Although many contend that economic science began with either the Physiocrats or Adam Smith's Wealth of Nations in the eighteenth century, significantly the name of economics itself derives from the more ancient Greek discipline of oikonomia, which designated estate management and public administration. The well-known influence of classical Greek literature on European education from the medieval Aquinas to the present day should make us open to the possible contribution of ancient Greek thought on later economics.
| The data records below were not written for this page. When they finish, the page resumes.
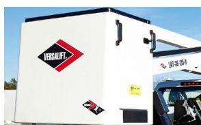
Cesta para 2 personas (con puerta)
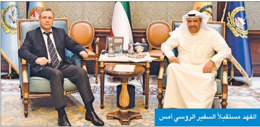
الفهد مستقبلاً السفير الروسي أمس

استقبل نائب رئيس مجلس الوزراء وزير الدفاع الشيخ أحمد الفهد، في قصر بيان أمس، سفيراً تركيا لدى البلاد طوبى نور سونمز. وتم خلال اللقاء استعراض وجهات النظر حول العديد من القضايا والموضوعات ذات الاهتمام المشترك، إضافة إلى بحث أوجه التعاون والعمل الجماعي بين دولة الكويت والدول الشقيقة والصديقة، لاسيما ما يتعلق منها بالجوانب العسكرية. كما استقبل الفهد سفير روسيا الاتحادية لدى البلاد فلاديمير جيلتوف. وجرى خلال اللقاء مناقشة عدد من الموضوعات ذات الاهتمام المشترك ويحث سبل تعزيز أوامر التعاون المتبادل بين البلدين الصديقين، إضافة إلى استعراض آخر التطورات والأحداث الجارية على الساحتين الإقليمية والدولية.
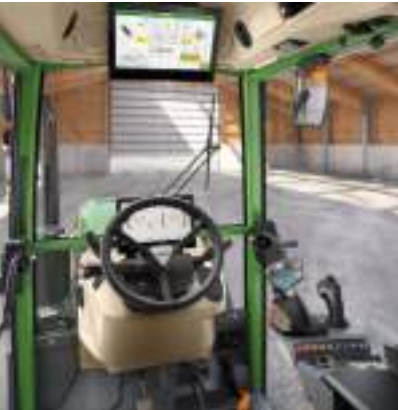
Profi Setting 2
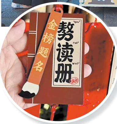
▲文创自助贩售机解锁文化体验新玩法
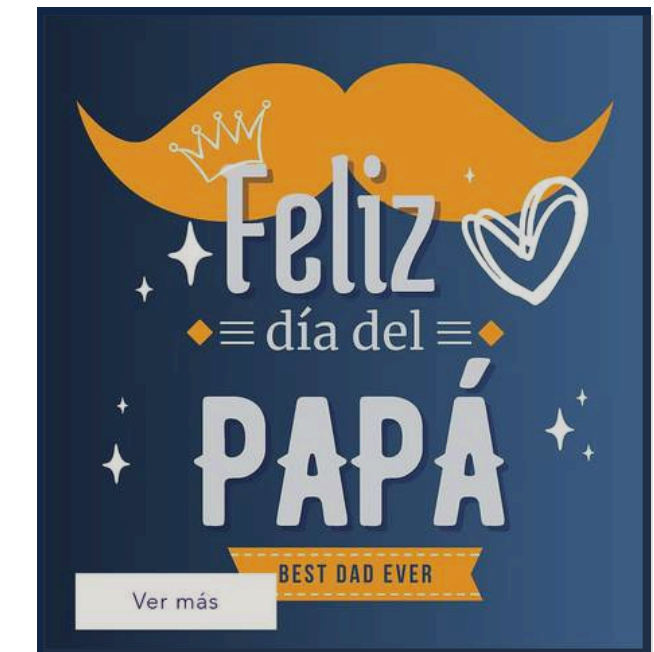
Día del Papá
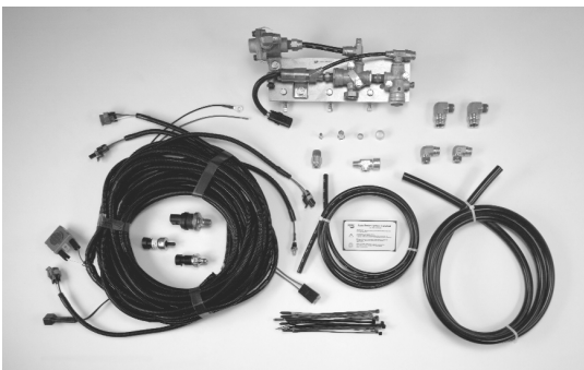
Módulo y juego de instalación de AutoBrake

Las pruebas hechas a los vehículos indican que el AutoBrake no afecta el cumplimiento del vehículo con las regulaciones federales (FMVSS121).
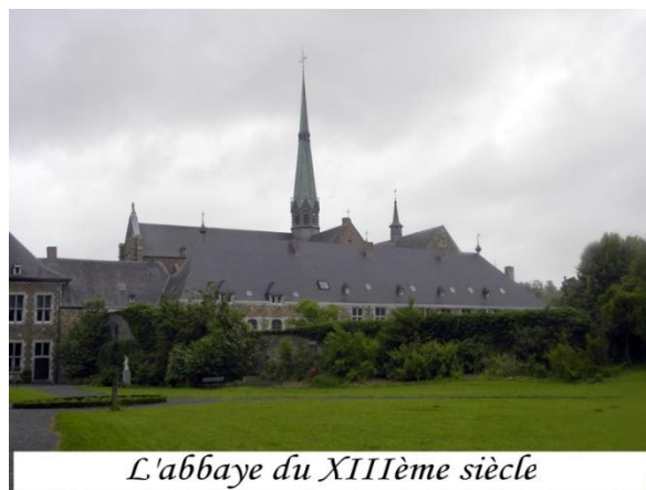
L'abbaye du XIIIème siècle
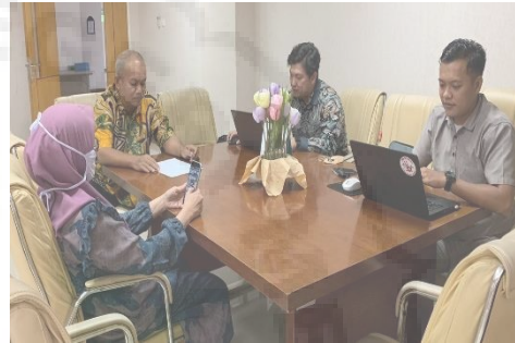
Gambar 4. Diskusi Tim Untuk Finalisasi Design.

Pada tanggal 07 April 2022, tim melakukan diskusi tentang rencana sosialisasi pembuatan Dodol nanas dan teknik pemasaran dan finalisasi design, alat dan bahan terhadap produk yang akan dibuat yakni Alat pengaduk dodol nanas otomatis.
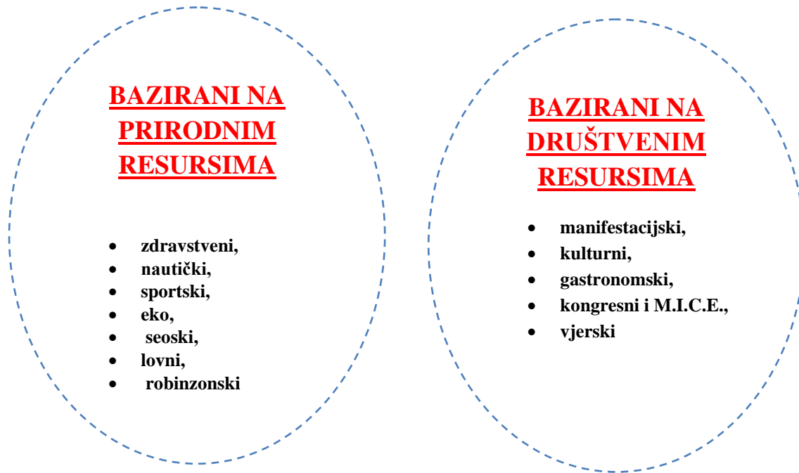
Slika 1. Specifični oblici turizma

Kada je riječ o turizmu, razlikuju se određeni specifični oblici, s obzirom na one koji su bazirani na prirodnim resursima te onih koji su bazirani na društvenim resursima.
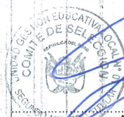
EDGAR NÚÑEZ HINOSTROZA TITULAR MIEMBRO 2
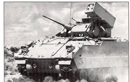
Bradley Linebaker (USA)

Im kommenden Quiz werden die folgenden Fliegerabwehrpanzer behandelt:
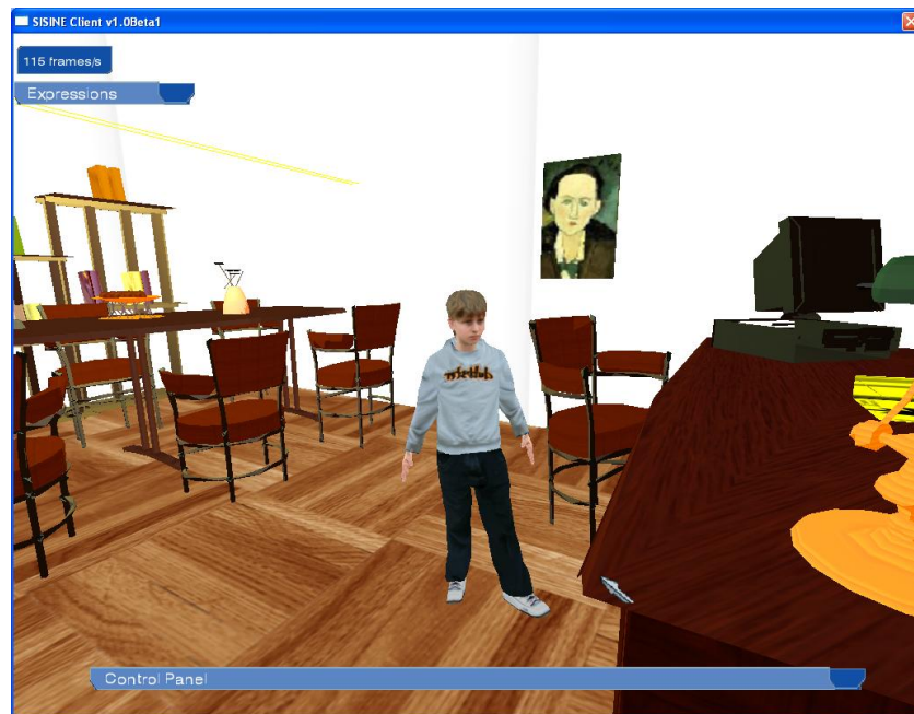
Fig. 2 – Progetto Sisine (Programma Leonardo da Vinci –Capofila Cnr-Istc)
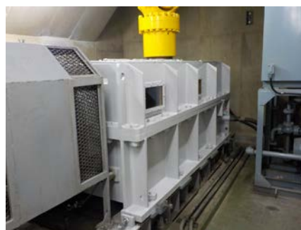
減速機の分解整備
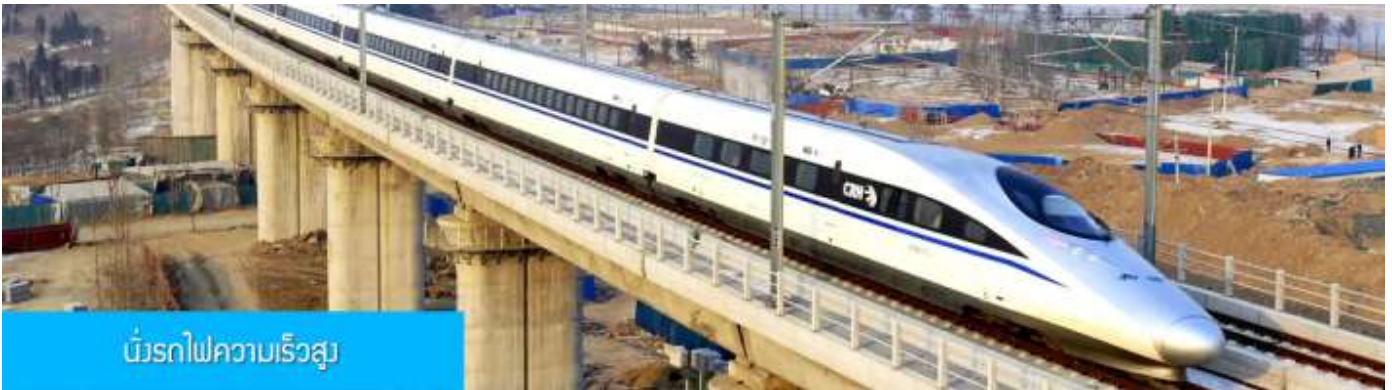
เมืองรถไฟความเร็วสูง

หลังอาหารนำท่านเดินทางสู่สถานีรถไฟความเร็วสูงนครซีอาน เพื่อเตรียมเดินทางสู่นครฉว่หยาง
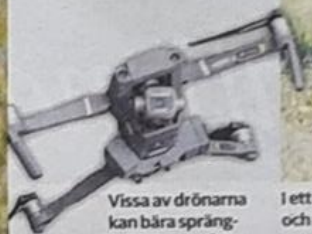
Vissa av drönarna kan bära spräng- laddningar på tre till fyra kilo.
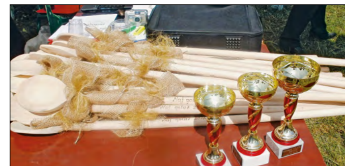
Simboli letošnjega tekmovanja – pokali in kuhalnice velikanke

Magda Intihar
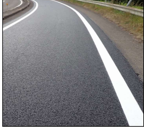
舗装補修完了状況(イメージ)
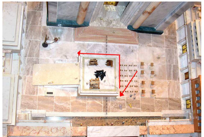
מסלול ההליכה במתן דם העולה. על פי המשנה בתמיד, הכהן השוחט בטבעות שמצפון למזבח פונה תחילה שמאלה לקרן הצפונית מזרחית של המזבח, נותן מן הדם על הקרן וממשיך משם ב"דרך ימין" לקרן הדרום מערבית, שם יתן מתנה נוספת וגם ישפוך את השיריים.

כאמור, הכהן נותן תחילה על הקרן הצפונית-מזרחית ולאחריה על הקרן הדרומית-מערבית. הטעם לסדר זה מבואר בגמ' ביומא (טו,ב), שהוא משום: "כל פינות שאתה פונה – לא יהו אלא דרך ימין". הדבר מעורר שאלה: מדוע הקרן הצפון-מזרחית היא הראשונה מצד ימין? הרי שחיטת העולה נעשית מצפון למזבח, והכהן ההולך משם ומקיף את המזבח לימינו מגיע לפני כן לקרן הדרום מערבית!?
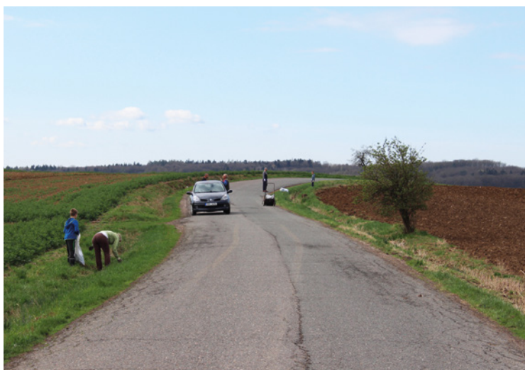
■ Úklid místní části Zavadilka.
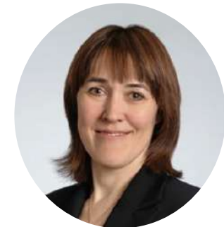
Замглавы Минобрнауки России Петрова О.В.

Реализуемая система федеральных инновационных площадок Минобрнауки России сегодня оказывает всестороннюю поддержку педагогическому сообществу – реализуемая инновационная площадка выступает организатором профессиональных конкурсов и мероприятий, разрабатывает педагогические учебники и пособия, оказывает информационную, правовую, методическую и информационную поддержку работникам образования и реализует и иные важные задачи в системе образования.
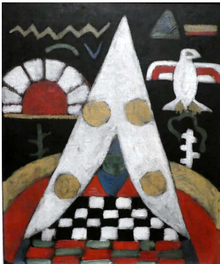
Fig. 4. Marsden Hartley, Un aranjament abstract al simbolurilor amerindiene, ulei pe pânză, Yale Collection of American Literature.
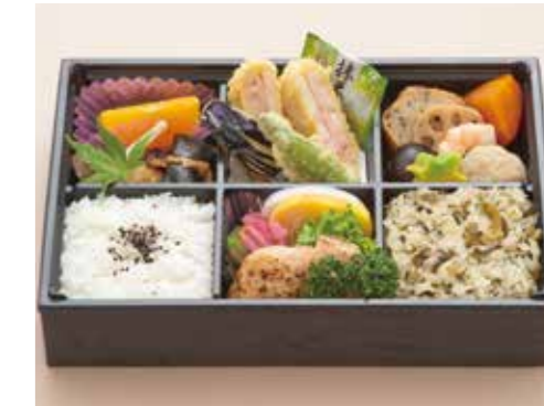
B-02 山椿 やまづばき 2,800円 (税込3,080円)
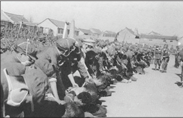
中共在镇反运动中对已经得到承诺既往不咎的投诚人员也大肆滥杀。

自1949年以来，中共利用镇反、土改、三反、五反、工商改造、取缔会道门、镇压宗教、大跃进导致的大饥荒、四清、文化大革命等一系列政治整人运动，导致八千万中国人非正常死亡，超过两次世界大战死亡人数的总和。
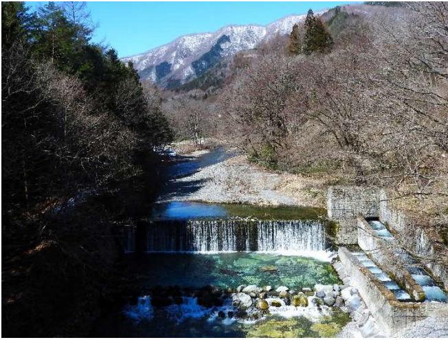
「雪解け水を湛えて」 千葉県柏市 糸賀一典
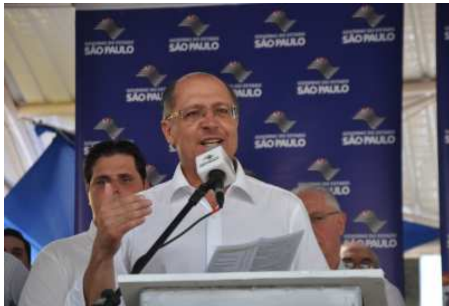
“Tratar o esgoto é cuidar da saúde”
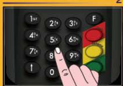
ใส่จำนวนเงินที่ต้องการ
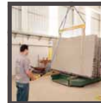
Rochas ornamentais Ornamentsteine
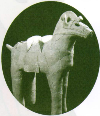
馬形埴輪 (常光坊谷4号墳)
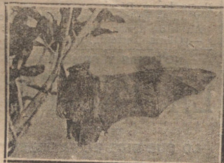
EL PIPISTRELO EL MAS PEQUEÑO DE LOS MURCIÉLAGOS DE ESPAÑA
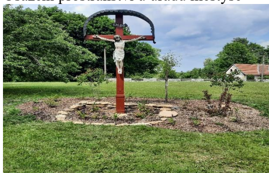
Osázení prostranství u úřadu městyse
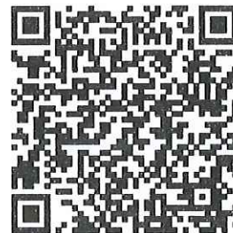
QR Code ๒ ตรวจสอบจำนวนผู้ชำระค่าลงทะเบียนแต่ละรุ่น
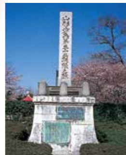
4 歩兵第三十二連隊碑 歩兵第三十二連隊本営(明治29年~終戦駐屯)の初代から31代までの歴代連隊長名が記載。(昭和34年建立)
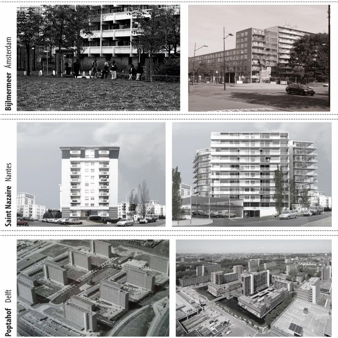
Figura 1: Algunos modelos europeos de regeneración urbana:

Figura 1.1: transformación radical, Bijlmermeer, Ámsterdam
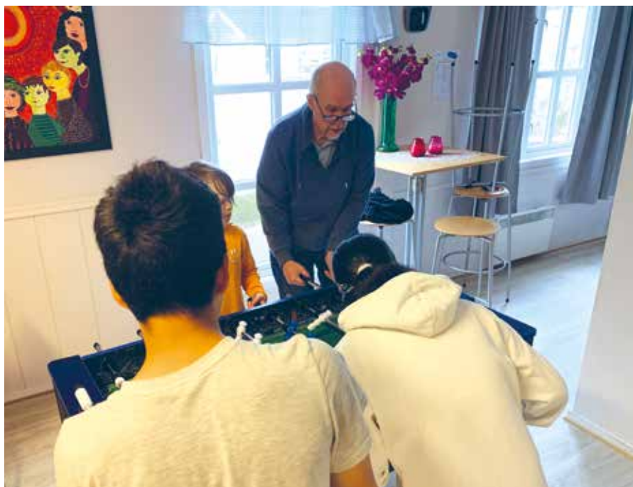
Fotballspill fenger alltid.

Ungdomsklubben startet for 11 år siden som et samarbeid mellom Metodistkirken og Den norske kirke. Ved siden av idrettslaget er det i dag det eneste faste tilbud til ungdom i lokalmiljøet,.
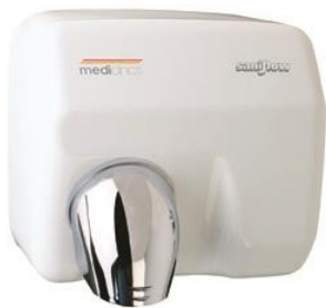
E05A Acabado blanco
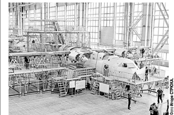
Самолёт Ил-112В – на сборке.

Лётный образец перспективного лёгкого военно-транспортного самолёта Ил-112 В успешно прошёл первую проверку на герметичность и влагонепроницаемость фюзеляжа на заводе-изготовителе ПАО «Воронежское акционерное самолётостроительное общество». Об этом сообщает пресс-служба Дивизиона транспортной авиации ПАО «Объединённая авиастроительная корпорация».
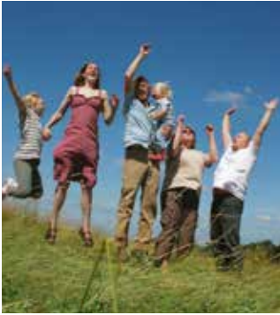
Die Ostfalia fördert eine familienfreundliche Hochschulkultur
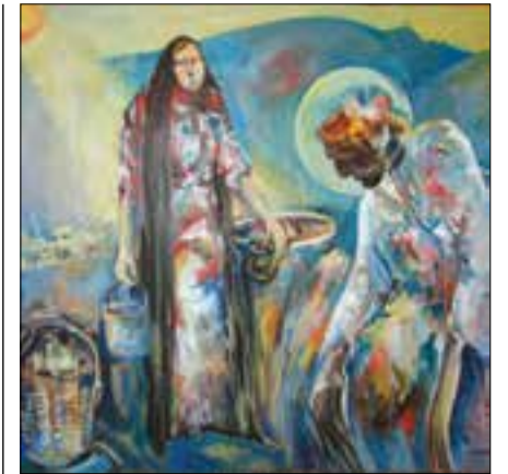
Քրիստոսը եւ Սամարացի կինը, 100 x 80, կգ. յուղ., 2010թ.
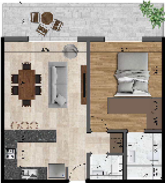
UNIDAD 1 - DORMITORIO CON TOILETTE
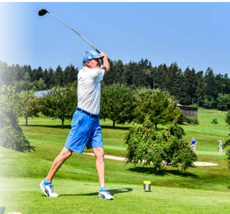
Trotz Hitze voller Schwung: Abschlag beim Turnier in Deutenhof

Beim Festabend spielte die Kapelle Josef Menzl, und ab 22 Uhr legte DJ Andreas Reisser auf.

Even Joseph A. Schumpeter, who dismissed strict economic analysis in Xenophon's Oeconomicus or Plato's writings, recognized in Aristotle's Politics (Book I) and Nichomachean Ethics (Book 5) the “beginnings of formal analytic techniques applied to economic subjects.” Schumpeter further judged that the first five chapters of Adam Smith's Wealth of Nations recapitulated Aristotle's economic contributions on barter, exchange, and the division of labor. Schumpeter, however, overlooked the possibility of subjective relativism in Aristotle's theory of money.

In fact the economic contributions of the Greeks were far more profound than even Schumpeter allowed and influenced such matters as spontaneous market harmony, equilibrium processes, subjective utility, proto-marginalist concepts, and monetary theory. These contributions are discussed in: Henry Spiegel's The Growth of Economic Thought (1971); Glauco Tozzi's Economisti greci e romani (1961); and Barry Gordon's Economic Analysis Before Adam Smith (1975).

Tozzi's volume is especially important since (1) he draws extensively on French and Italian economic history scholarship that has never entered the English tradition; and (2) he poses “the question of an abstract empiricist view of justice, i.e., can justice be built as a social concept from the subjective self-interest of the individual participants in the political structure.” Gordon's work notes the importance of Scholastic interpretations of Aristotle's theory of money exchange as “unnatural” because it was unlimited by natural and moderate human needs. This concept, together with the ancient and invidious comparison between noble oikonomia (public administration of the economy) and morally suspect chrematistike (private commercial activity or wealth-getting) supported the belief that public intervention on the economy was necessary.

Some 124 items of scholarship are cited in this far-ranging and suggestive assessment of ancient economic thought.